◆ **Work to complete**
Set down the full listing below word for word; pictures stay out of the copy.

◆ **The data**
———
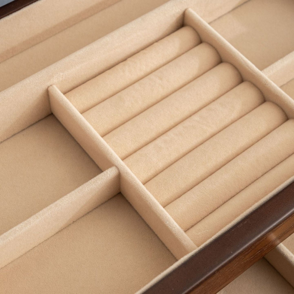 Wooden Jewellery Box with Glass Lid is perfect for viewing your jewellery from the outside, securely stored and stylishly designed with premium craftsmanship.
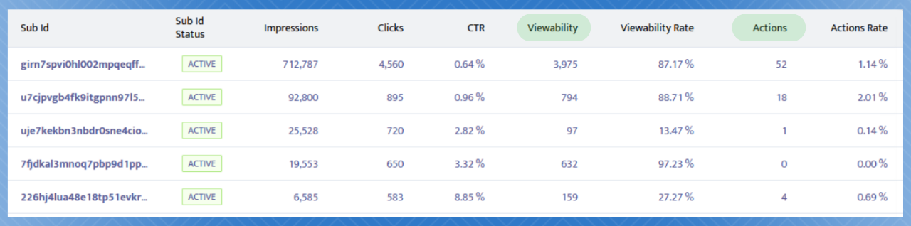After having our campaign run for a while so our rule optimization algorithm can adjust to the campaign setting, we can now have a look at our stats. By looking into our reports, we can now quickly spot which segments are performing and which are not by looking at the Viewability and Actions columns.
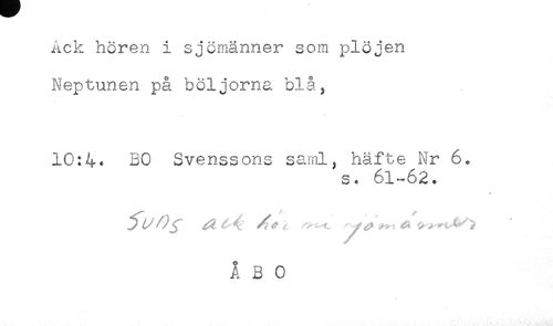 //// Ack hören i sjömänner som plöjen //// Neptunen på böljorna blå, //// 10:4* BO Svenssons saml, häfte Nr 6. //// s. 61-62. //// * ////
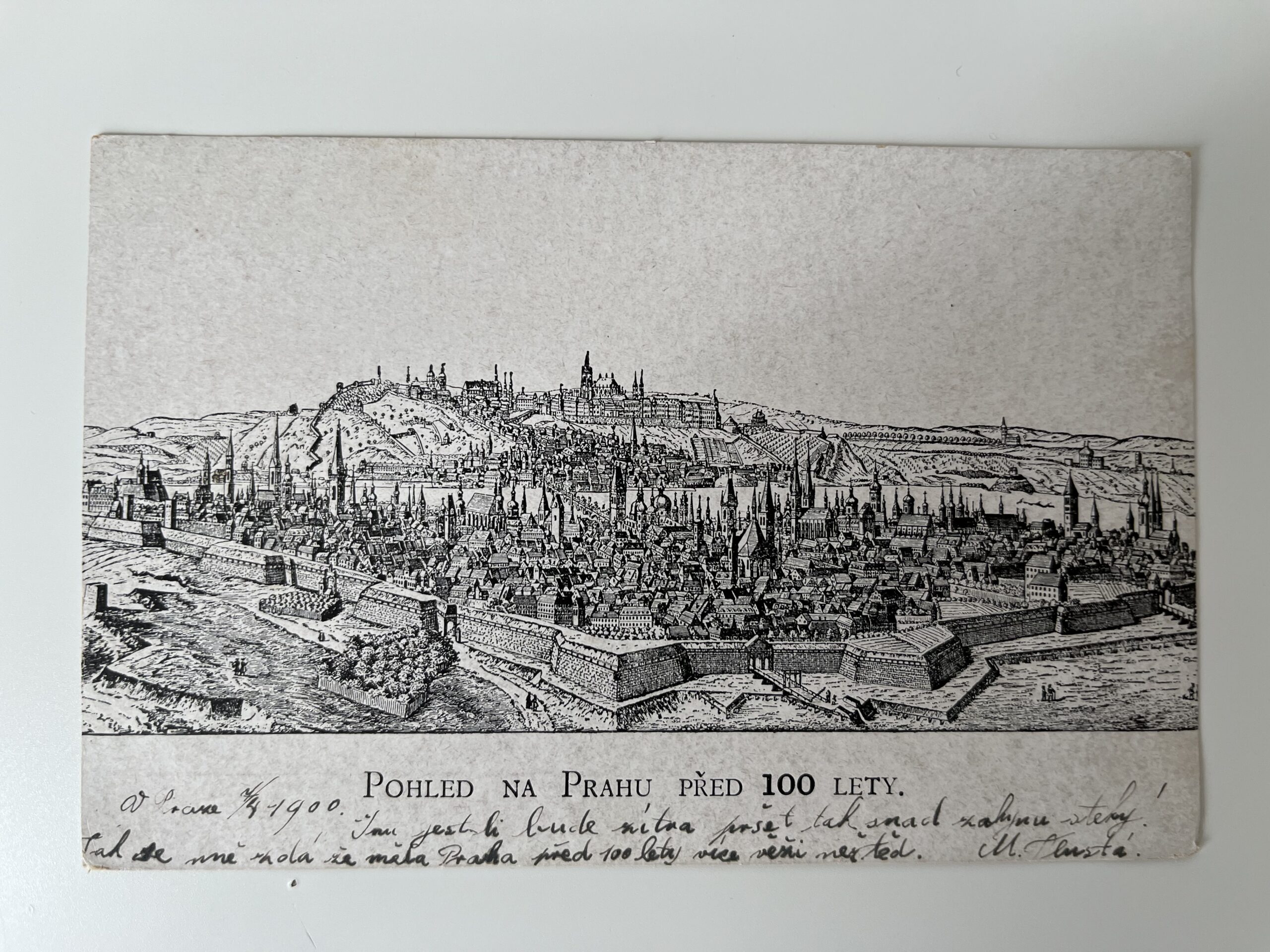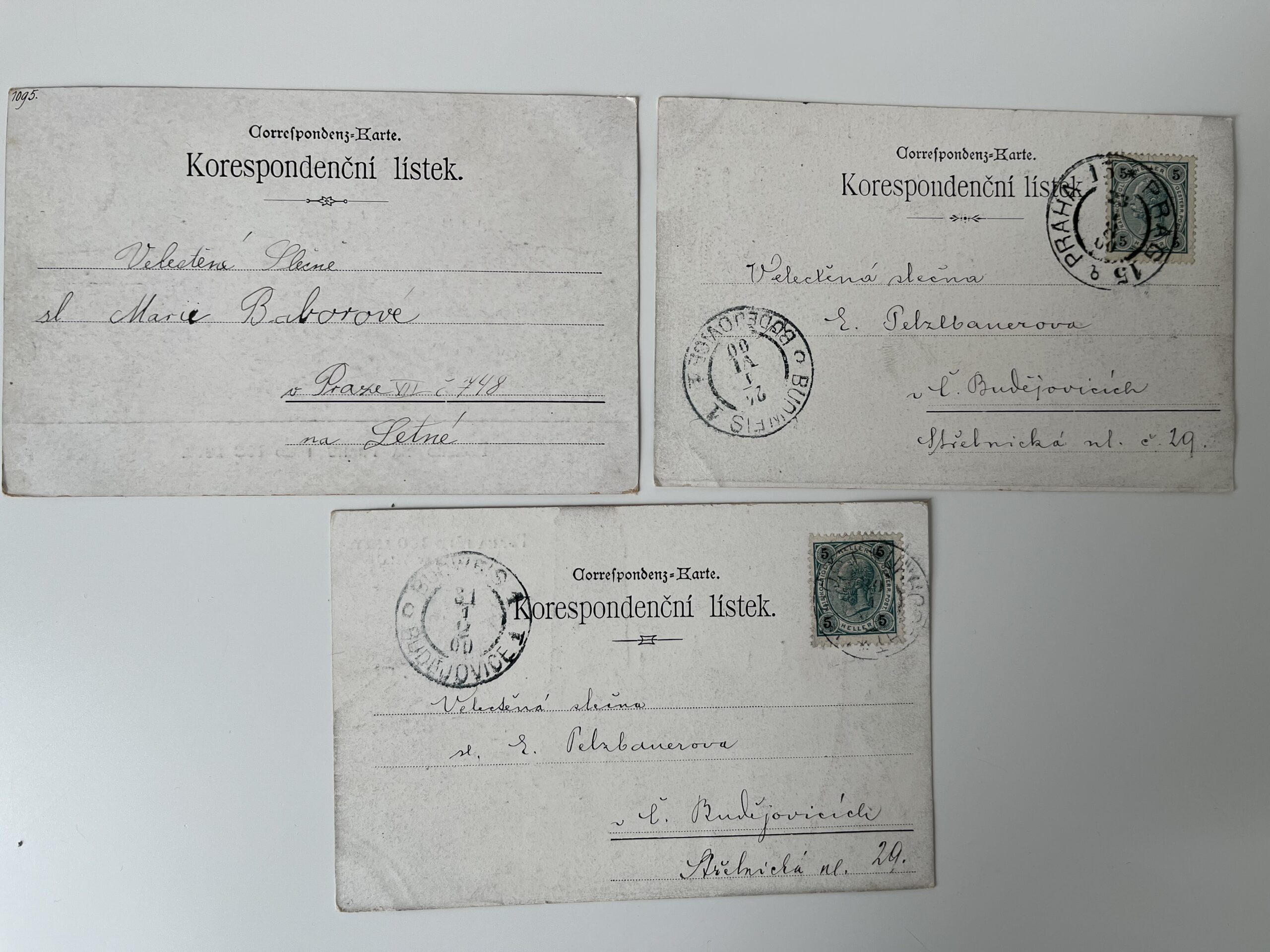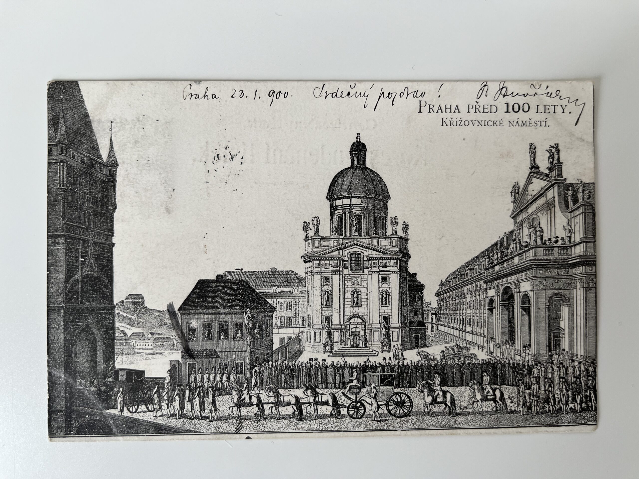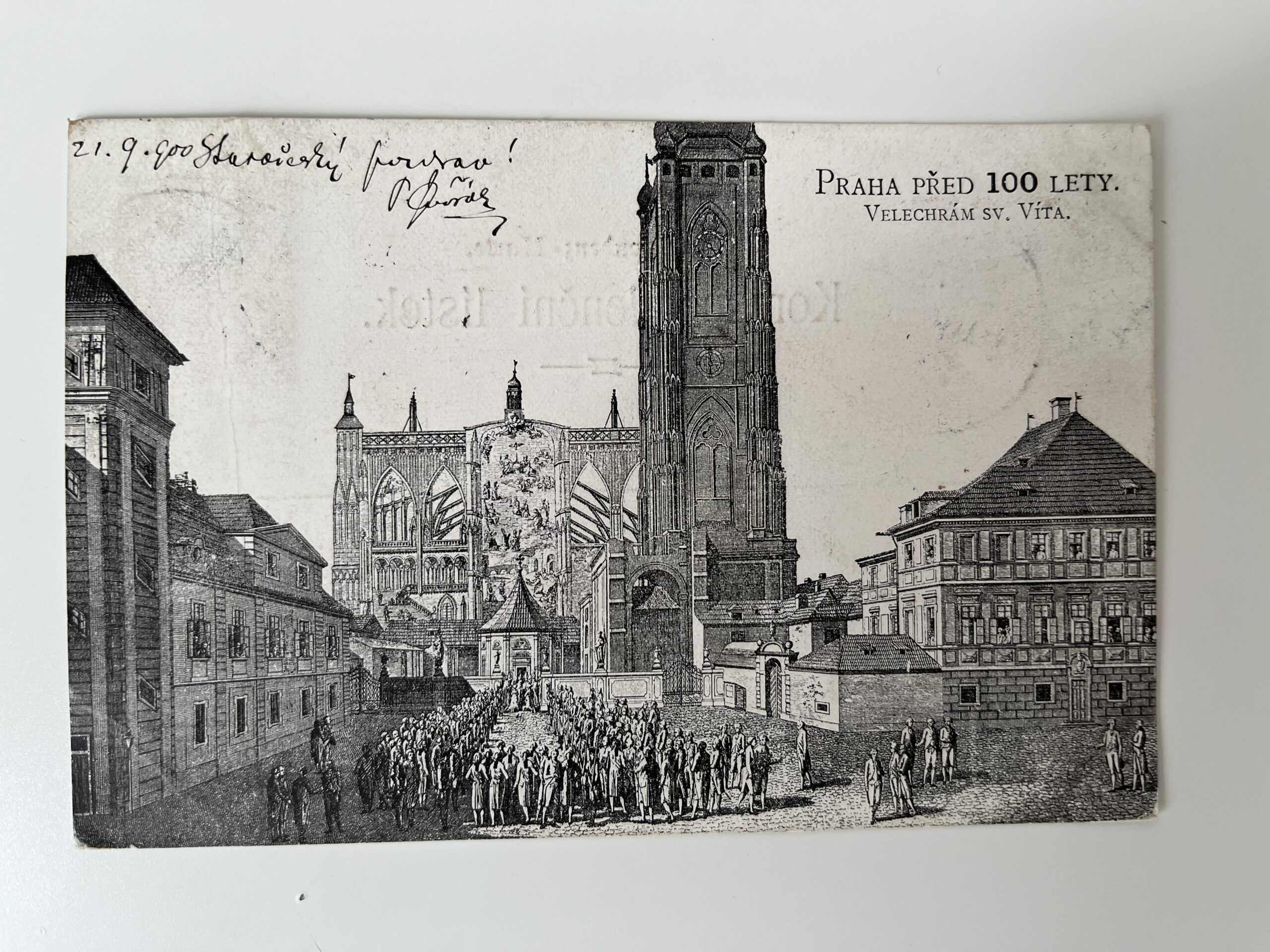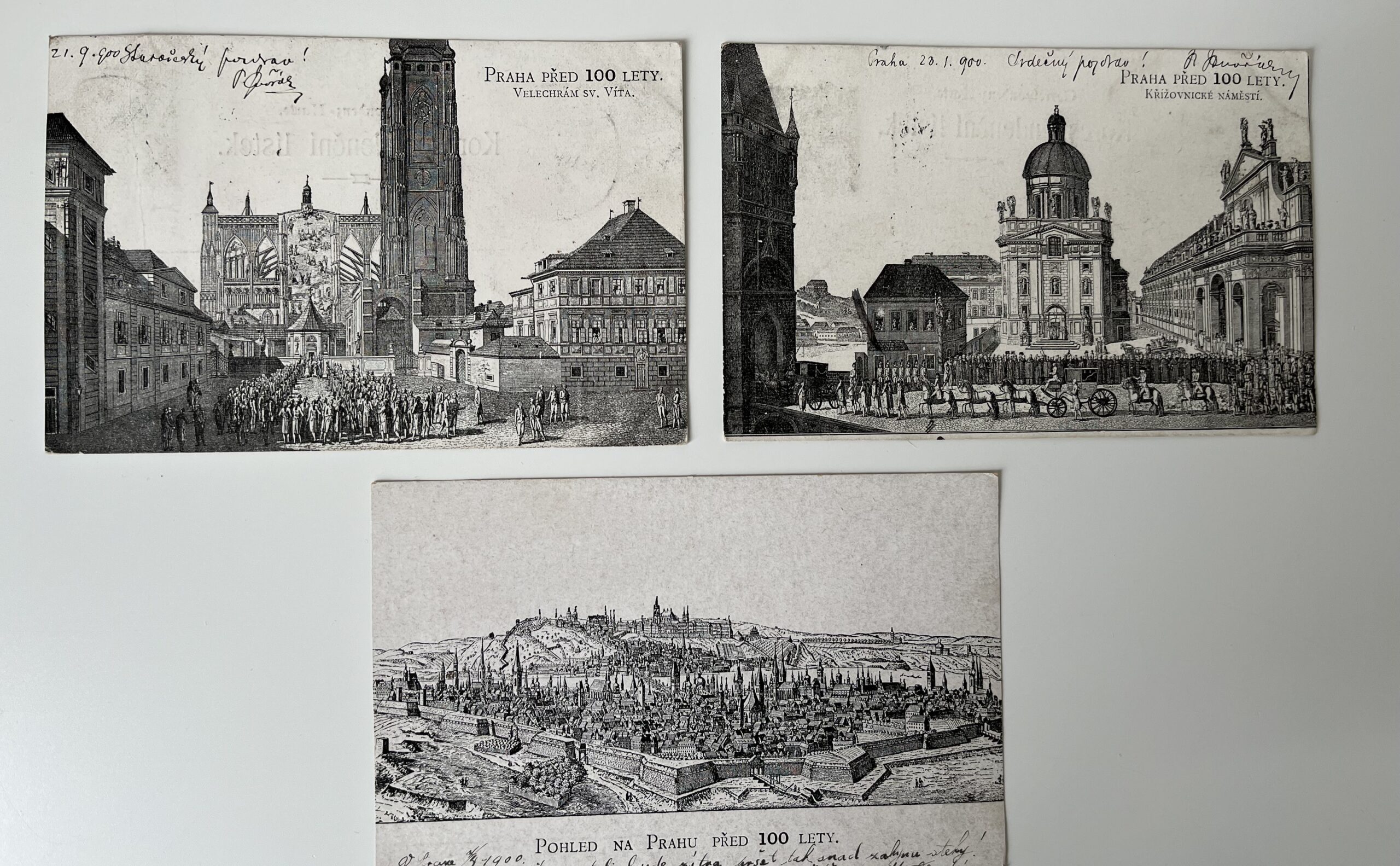 (Praha hhu) Pohlednice malý formát, prošlá poštou, r.1900. 3 ks Pohled na Prahu před 100 lety. Praha před 100 lety – Velechrám sv. Víta. Křižovnické náměstí .
———
◆ **Written answer**
 Wooden Jewellery Box with Glass Lid is perfect for viewing your jewellery from the outside, securely stored and stylishly designed with premium craftsmanship.
After having our campaign run for a while so our rule optimization algorithm can adjust to the campaign setting, we can now have a look at our stats. By looking into our reports, we can now quickly spot which segments are performing and which are not by looking at the Viewability and Actions columns.
 //// Ack hören i sjömänner som plöjen //// Neptunen på böljorna blå, //// 10:4* BO Svenssons saml, häfte Nr 6. //// s. 61-62. //// * ////
 (Praha hhu) Pohlednice malý formát, prošlá poštou, r.1900. 3 ks Pohled na Prahu před 100 lety. Praha před 100 lety – Velechrám sv. Víta. Křižovnické náměstí .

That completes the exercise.